→ **DATA SEGMENT**:
********

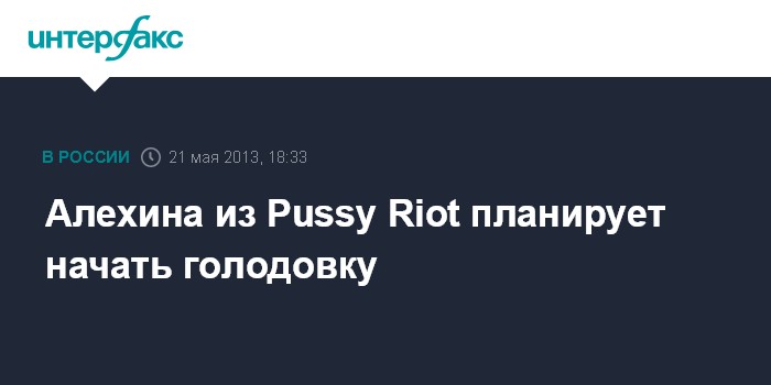 Пермь. 21 мая. INTERFAX.RU - Осужденная участница группы Pussy Riot Мария Алехина намерена начать голодовку из-за того, что Березниковский суд отказал ей в личном присутствии на рассмотрении УДО, сообщил агентству "Интерфакс" муж другой участницы группы Надежды Толоконниковой Петр Верзилов.
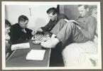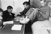 Volontärer i ledig klädsel i logement 1890-tal. Krigsskolan Karlberg.
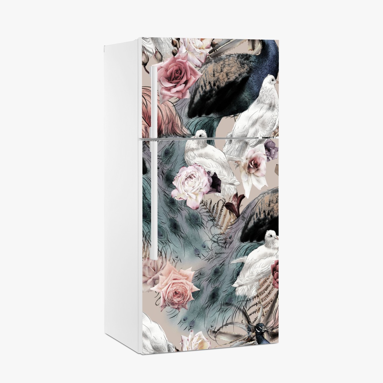 Naklejka na lodówkę Akwarelowy wzór z ptakami i różami
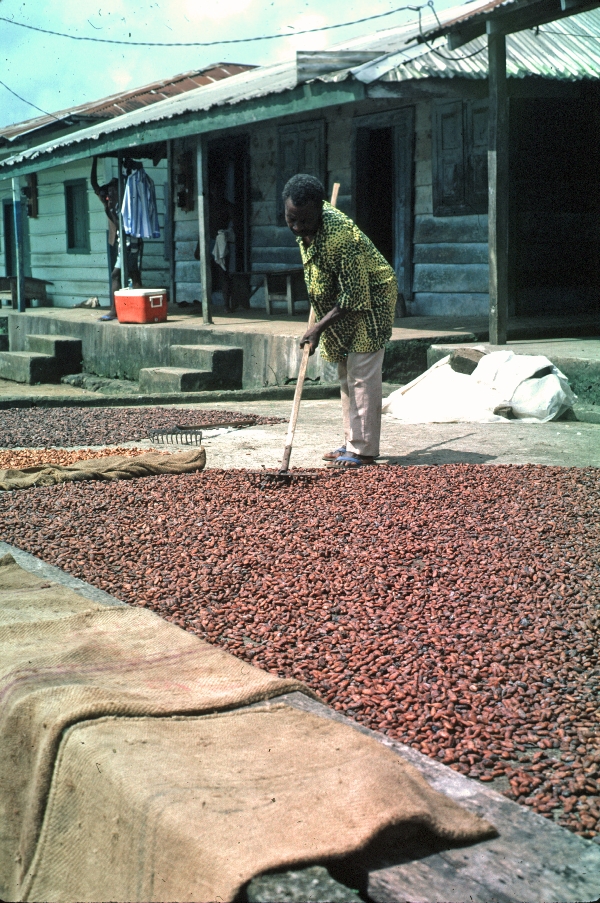 system for drying cocoa (left). More typically cocoa is dried in the open by the

********

→ **PROBLEM STATEMENT**:
The whole listing should be transcribed exactly, though its pictures must be left out.

→ **OUTPUT FOR THIS TASK**:
 Пермь. 21 мая. INTERFAX.RU - Осужденная участница группы Pussy Riot Мария Алехина намерена начать голодовку из-за того, что Березниковский суд отказал ей в личном присутствии на рассмотрении УДО, сообщил агентству "Интерфакс" муж другой участницы группы Надежды Толоконниковой Петр Верзилов.
 Volontärer i ledig klädsel i logement 1890-tal. Krigsskolan Karlberg.
 Naklejka na lodówkę Akwarelowy wzór z ptakami i różami
 system for drying cocoa (left). More typically cocoa is dried in the open by the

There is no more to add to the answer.